To group proteins by temporal trends, SOTA clustering of serology and proteomics data from longitudinal samples was performed using the sota function of the clValid package (version 0.7). The data were scaled and centered prior to clustering.

Reporting summary

Further information on research design is available in the Nature Portfolio Reporting Summary linked to this article.

Results

Using a volumetric microfluidic-based DBS device that collects precisely 10 µl of whole blood, a protocol was tailored to analyze 276 proteins by proximity extension assays (PEA) (Fig. 1). After benchmarking the procedure in a pilot study against paired EDTA plasma samples, DBS collected in Stockholm during the spring of 2020 and in Stockholm and Gothenburg during May of 2021 were analyzed for proteins associated with SARS-CoV-2 seropositivity. The studies revealed proteins relevant to COVID-19 pathogenesis and immune response.

Fig. 1: Proteomic profiling of population-based dried blood spot samples.
figure 1

Home-sampling devices were mailed to random individuals in metropolitan Stockholm and Gothenburg. Dried blood spots (DBS) were collected by finger pricking and mailed back to our laboratory for analysis. We eluted proteins from the DBS discs to first determine antibodies against SARS-CoV-2. Three studies were designed with donors stratified by serostatus and matched on self-reported information: Study 1 from 2020 compared antibody-negative (IgMIgG) with antibody-positive subjects (IgM+IgG+); Study 2 from 2020 compared IgM-positive (IgM+IgG) with IgG-positive donors (IgMIgG+); Study 3 from 2021 investigated vaccination-naïve donors who were either antibody-negative (IgG) or antibody-positive (IgG+). Proximity extension assays (PEA) were applied to measure the levels of 276 proteins and evaluate their association with the different immune response groups.

A comparison of plasma and DBS supports the suitability for deep proteome analysis

To assess the suitability of the DBS preparation for proteomics analyses, protein profiles of 92 circulating proteins related to cardiovascular diseases were investigated (Fig. 2a–c). The levels, correlations, and interquartile range (IQR) between proteins were compared between EDTA plasma collected by venous blood draw and corresponding DBS samples collected at the same visit by finger-pricking from 12 donors (Supplementary Data 1). It was found that 91 out of 92 proteins were detected in > 90% of the sample types, respectively, the investigated proteins could be measured in DBS and paired plasma samples.

Fig. 2: Comparison of dried blood spot and plasma samples.
figure 2

a The volcano plot displays the difference in relative protein levels between dried blood spot (DBS) and EDTA plasma obtained from 12 donors.
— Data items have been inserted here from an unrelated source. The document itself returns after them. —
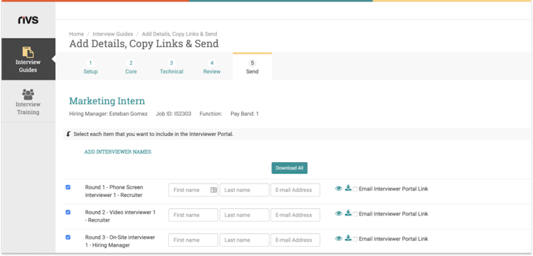interview builder allows businesses to design interview guides based on role requisitions, helping employers analyze candidate skills and improve the overall selection process. It lets hiring managers select industry-specific question sets for guides and sort them using advanced tagging capabilities. Teams can store documents in a centralized database and create customizable guides for individual stakeholders. Plus, users can arrange questionnaires based on preferred interview formats and edit guides before sending them to recipients, streamlining review processes.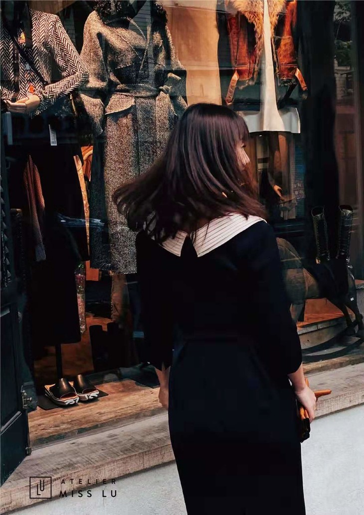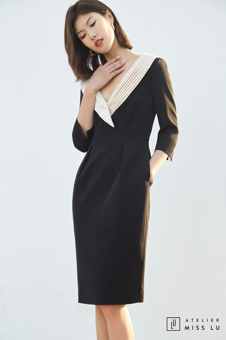 AtelierMissLu / Daisy-开领黑色复古连衣裙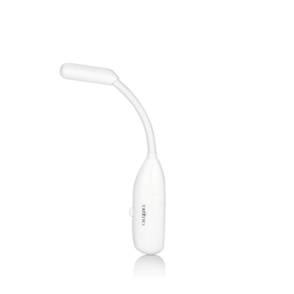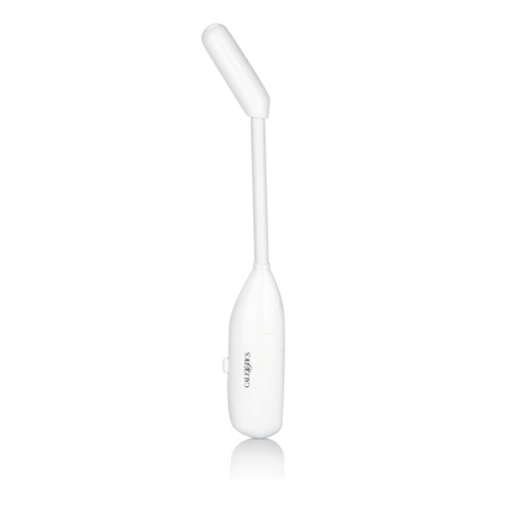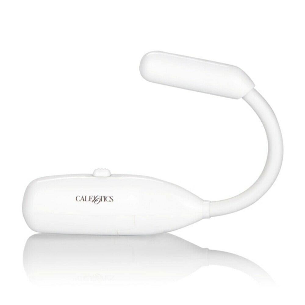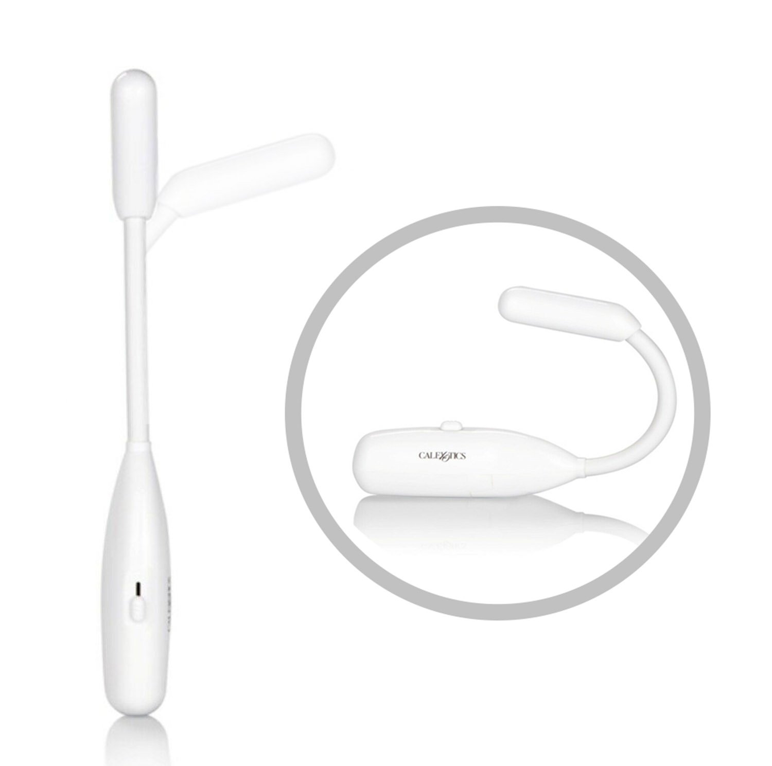 The entire item is 14 inches long. From the top of the flex-o-pleaser to the handle it is 8 inches long. The head is about 3 x 1 inch long. The shaft is very flexible and will bend to incredible angles. Requires 2C batteries (not included).

The differences in the abundance of 92 proteins, reported as normalized protein expression (NPX), are categorized by FDR < 0.01 (horizontal dotted line) and ΔNPX of  ± 1 (vertical dotted lines). Blue dots represent proteins with the most significant differences, orange dots show those with noticeable differences, and green dots represent proteins for which no differences were observed. b Frequency of Spearman correlation coefficients for the 92 proteins. The vertical dotted line indicates rs = 0. c Differences in protein IQR between DBS and plasma. The vertical dotted lines have been added for orientation at ΔIQR = 0 and of ±0.5.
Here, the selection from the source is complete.